INSTRUCTIONS FOR THE TASK. Quote the whole listing word for word. Do not include the pictures.

===== RECORDED DATA =====

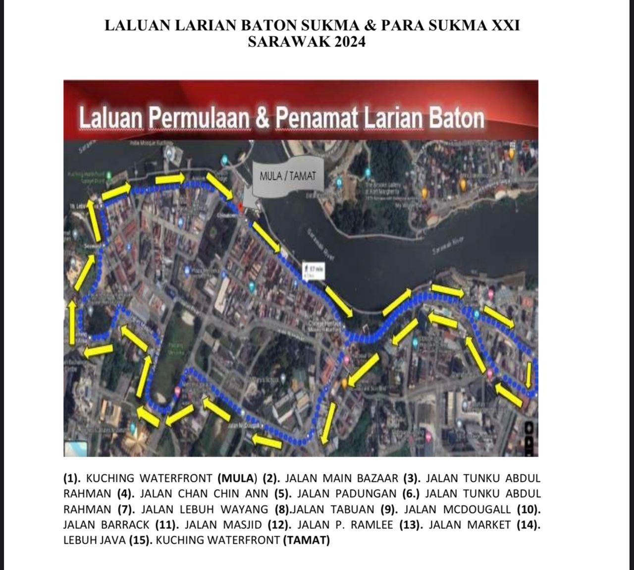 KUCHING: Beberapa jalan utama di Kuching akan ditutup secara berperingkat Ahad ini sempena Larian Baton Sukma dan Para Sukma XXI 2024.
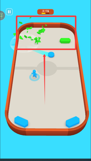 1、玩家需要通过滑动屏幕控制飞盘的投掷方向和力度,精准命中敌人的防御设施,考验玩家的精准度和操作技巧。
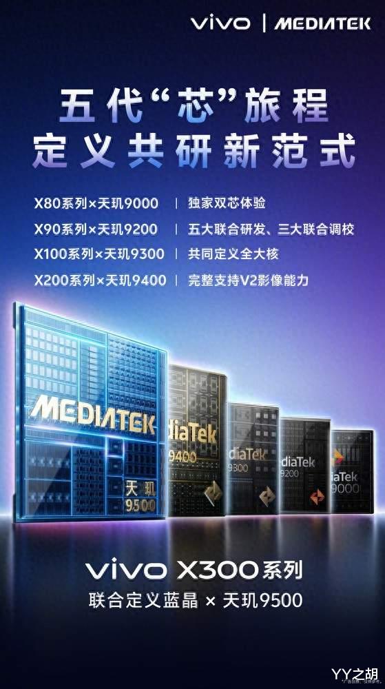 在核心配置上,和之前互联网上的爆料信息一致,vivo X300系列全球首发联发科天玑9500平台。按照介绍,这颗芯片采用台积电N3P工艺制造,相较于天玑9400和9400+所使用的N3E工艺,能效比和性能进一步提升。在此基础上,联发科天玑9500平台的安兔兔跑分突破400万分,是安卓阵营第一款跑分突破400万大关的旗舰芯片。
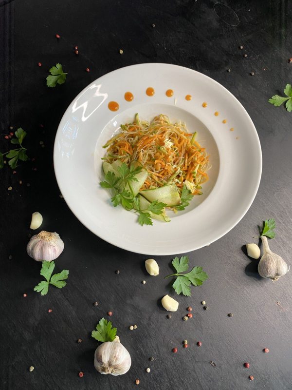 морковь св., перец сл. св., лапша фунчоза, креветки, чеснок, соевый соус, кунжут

=====

SOLUTION TO THIS TASK.
 KUCHING: Beberapa jalan utama di Kuching akan ditutup secara berperingkat Ahad ini sempena Larian Baton Sukma dan Para Sukma XXI 2024.
 1、玩家需要通过滑动屏幕控制飞盘的投掷方向和力度,精准命中敌人的防御设施,考验玩家的精准度和操作技巧。
 在核心配置上,和之前互联网上的爆料信息一致,vivo X300系列全球首发联发科天玑9500平台。按照介绍,这颗芯片采用台积电N3P工艺制造,相较于天玑9400和9400+所使用的N3E工艺,能效比和性能进一步提升。在此基础上,联发科天玑9500平台的安兔兔跑分突破400万分,是安卓阵营第一款跑分突破400万大关的旗舰芯片。
 морковь св., перец сл. св., лапша фунчоза, креветки, чеснок, соевый соус, кунжут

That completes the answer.